Handmaid’s Tale, first thoughts

The night after I read The Handmaid’s Tale, I had several nightmares. There’s something that is deeply unsettling about a nightmare, and Atwood’s book tapped into that fear for me. I don’t mean to dismiss the book. Quite the opposite. I stayed up far too long to finish it. It was five in the morning when I could finally put it down. But that doesn’t mean that I wasn’t unsettled.

 I’ll save more thoughts for when we’re further along in the book, but I’ll leave this post with  a quote:

“What I need is perspective. The illusion of depth, created by a frame, the arrangement of shapes on a flat surface. Perspective is necessary. Otherwise there are only two dimensions. Otherwise you live with your face squashed up against a wall, everything a huge foreground, of details, close-ups, hairs, the weave of the bedsheet, the molecules of the face. Your own skin like a map, a diagram of futility, crisscrossed with tiny roads that lead nowhere. Otherwise you live in the moment. Which is not where I want to be.” 

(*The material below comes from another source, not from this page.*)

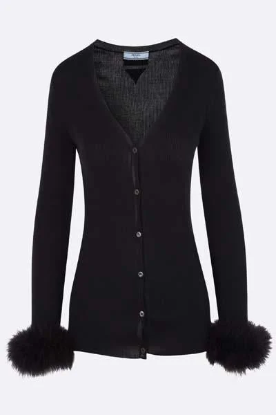 Prada's cardigan crafted in black ribbed silk knit. Featuring V-neckline, button closure, long sleeves with feathers at cuffs and ribbed edges. Gender: Women Material: 100%SILK-100%TROCHUS NILOTICUS-100%MELEAGRIS GALLOPAVO Color: BLACK Made in: IT Product ID: P25L63S23112DYF0002 *Import tax/duty will be calculated at checkout (If applicable)

One thought on “Handmaid’s Tale, first thoughts

  1. eddievcpp says:

    Among many, one virtue stands out. Students who walk into a contemplative space are brave. I cannot be any less, even though I find many good reasons not to be. Contemplative pedagogy is not prudent, it doesn’t fit many conventions, and from the outside it looks no so … what ‘rigorous?’ Stand before a mirror of mind and see, dare to be present, and live; to do so in the discipline of self-knowledge, which is the Socratic task after all; that is brave. We breathe through, which is why contemplative inquiry goes with a contemplative practice, or I should say why contemplative inquiry is a contemplative practice. Breathe.